» ABOUT THIS EXERCISE:
The line with "Liquidificador de alumínio" and each line following it, up to the final line of the data, should be set down exactly; pictures stay out.

» DATA EXTRACT:
************
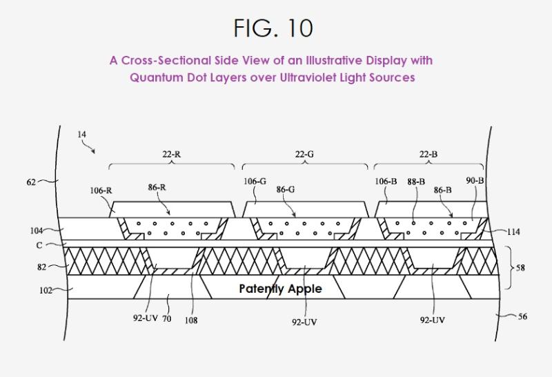 蘋果專利圖10展示了帶有位于紫外線光源上方的量子點層的示例性顯示器的橫截面?zhèn)纫晥D。
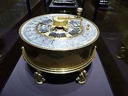 | Rechenmaschine von Anton Braun (1686-1728), datiert 1727; Messing vergoldet, teilweise verzinnt; Seitenansicht | Eigenes Werk | U.Name.Me | Datei:Rechenmaschine ii.jpg |
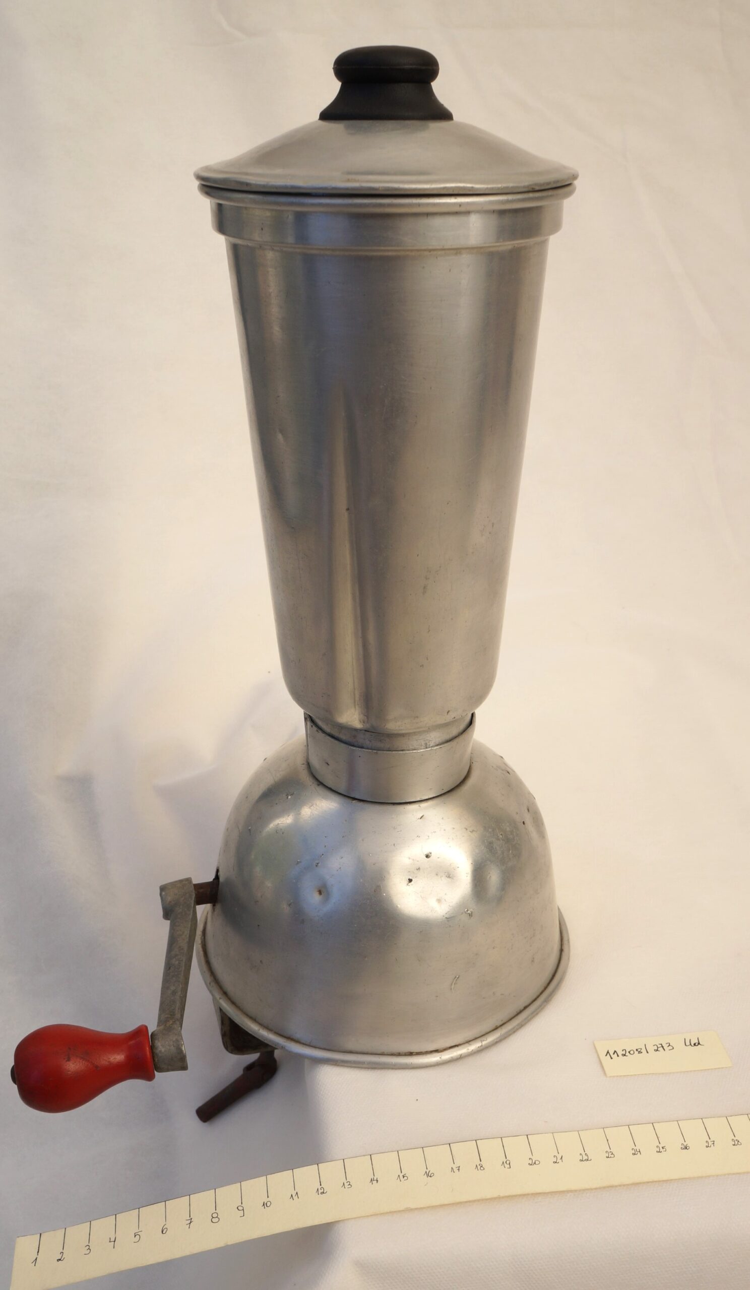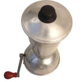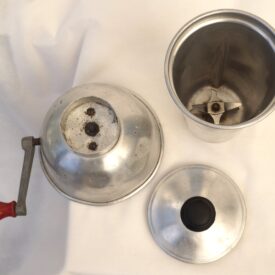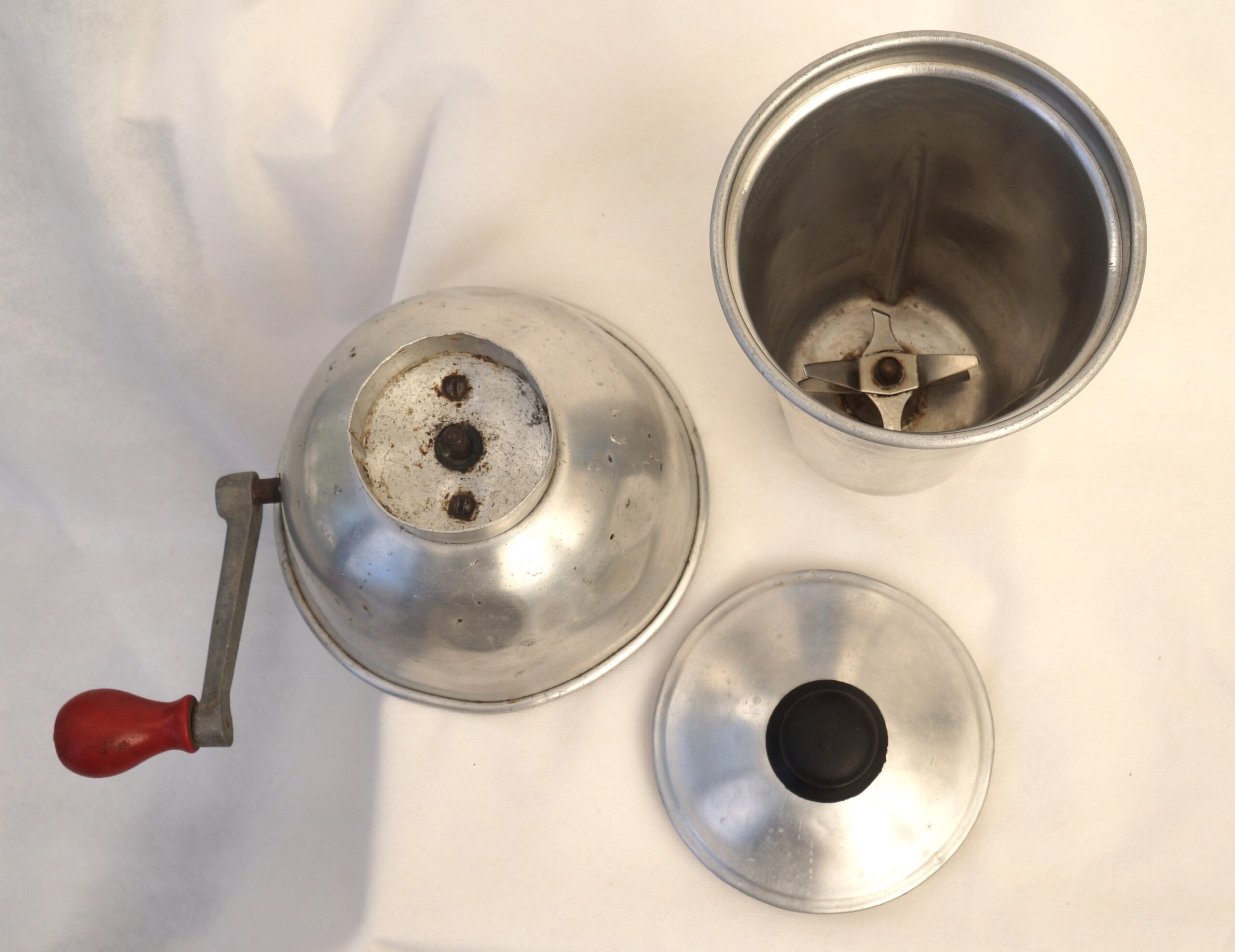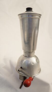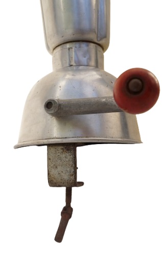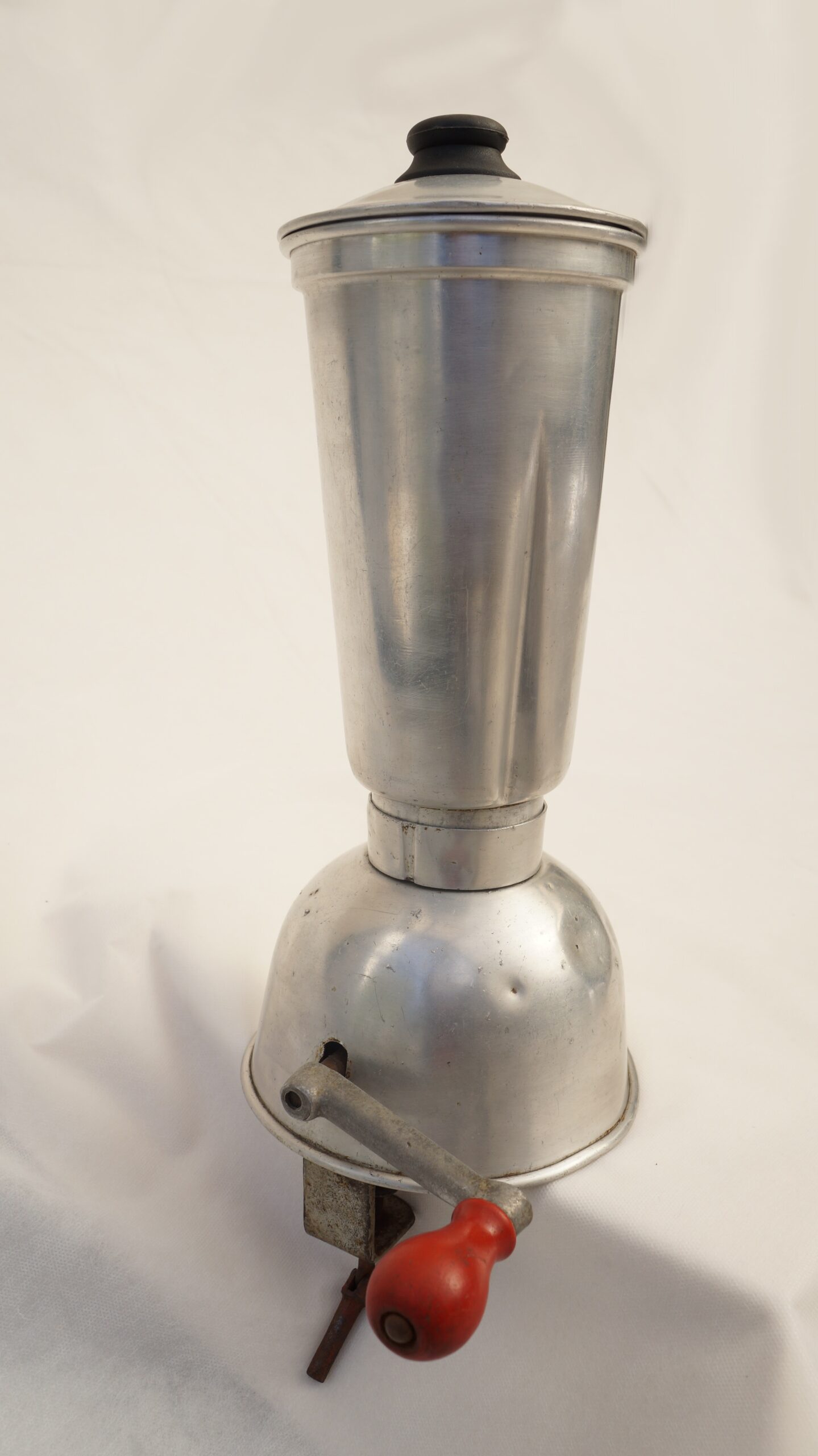 Liquidificador de alumínio manual da marca “ Martau’, composto pela base e pelo copo. A base possui um dispositivo para fixação em mesa e uma manivela na cor vermelha. O copo possui tampa e hélice de trituração/moagem.
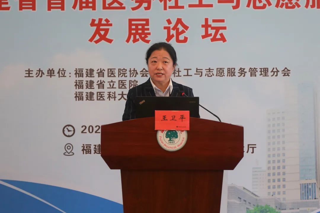 福建省首届医务社工与志愿服务发展论坛由福建省立医院、福建省医院协会医务社工与志愿服务管理分会、福建医科大学健康学院共同主办,以“线上+线下”相结合的形式举行。我院党委书记、院长朱鹏立,党委副书记李红,上海儿童医学中心党委书记、中国医院协会医院社会工作暨志愿服务委员会主任委员季庆英教授,福建医科大学健康学院院长刘豫瑞教授,福建医科大学健康学院、福建省社会工作联合会医务社工专委会主任委员王卫平教授,上海儿童医学中心社工部主任陈玉婷等出席论坛开幕式。
************
» SOLUTION:
 Liquidificador de alumínio manual da marca “ Martau’, composto pela base e pelo copo. A base possui um dispositivo para fixação em mesa e uma manivela na cor vermelha. O copo possui tampa e hélice de trituração/moagem.
 福建省首届医务社工与志愿服务发展论坛由福建省立医院、福建省医院协会医务社工与志愿服务管理分会、福建医科大学健康学院共同主办,以“线上+线下”相结合的形式举行。我院党委书记、院长朱鹏立,党委副书记李红,上海儿童医学中心党委书记、中国医院协会医院社会工作暨志愿服务委员会主任委员季庆英教授,福建医科大学健康学院院长刘豫瑞教授,福建医科大学健康学院、福建省社会工作联合会医务社工专委会主任委员王卫平教授,上海儿童医学中心社工部主任陈玉婷等出席论坛开幕式。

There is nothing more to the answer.